Machine learning and AI are frequently used buzzwords. In terms of application I’m not sure whether we’re in the killer app territory yet. I read someone on Twitter saying something to the effect of most AI can be replicated with some good SQL queries (which is a nice soundbite).
From a conversion perspective I use Eyequant quite a lot. It mimics heatmaps of user interaction from a design (either on live websites or on heatmaps/wireframes) so you can get an idea of how visitors will perceive a website and where they will focus on the design.
From their website:
“EyeQuant fuses leading neuroscience research with AI to accurately predict how people will react to digital designs.”

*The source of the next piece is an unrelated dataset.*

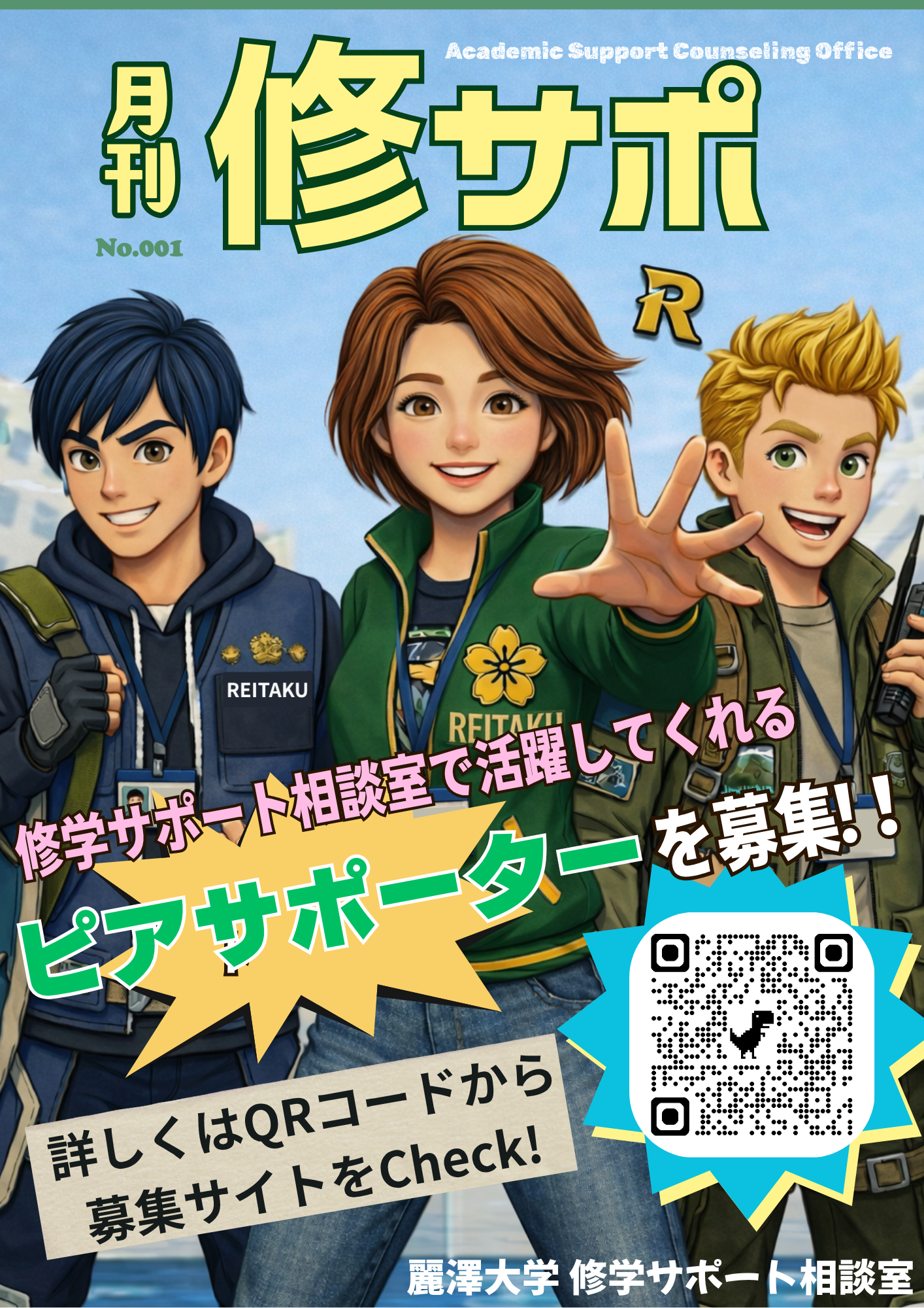 「身体的、精神的、社会的に満たされた良好な状態」をウェルビーイング(well-being)といいますが、学生へのサポートを中心に、様々な企画イベントやPR活動を通じて、誰もが安心して過ごせる環境づくりに取り組み、"支える・つながる・楽しむ" をテーマに、学生同士だからこそできるサポートや企画をチームで行っていく。そんな活動をするボランティアのみなさんを「ピアサポーター」といい、5月21日まで、修学サポート相談室で、このピアサポーターを募集しています。登録は、担当者の話を聞いてからでも大丈夫!ご興味のある方は、ぜひご検討ください。

I have been working with a data scientist on a couple of research projects to try and parse reviews to get an idea of underlying perspectives. “Text mining” of reviews is not something unique, this article goes into some detail about how to use R to extract the data, but more importantly how to display it so that quantitative insights can be gleaned from the voice of consumer.
Here are two examples of how I’ve used it:
- A company was selling the same products that Amazon stocked and my thoughts were to understand both the reviews and the questions asked by customers (as Amazon has such a volume of feedback it made this process easier to look at Amazon rather than on their site). One of the key products looked at was a bundle. If I use the example of a keyboard, computer and mouse I was surprised to see that most reviews focussed on the mouse, rather than on the core product. This lead to testing exposing more details about the mouse as we knew it was such a focus for visitors.
- The other was also to look at reviews for a high-tech product, but to understand what features people were most interested in. Once I found out what the focus was this helped to prioritise what to surface more and how to modify the architecture of the page used to promote this.
These are some pretty straightforward applications, but its interesting to understand that there is a wealth of data available, and if we can learn to unlock it efficiently we can be more efficient.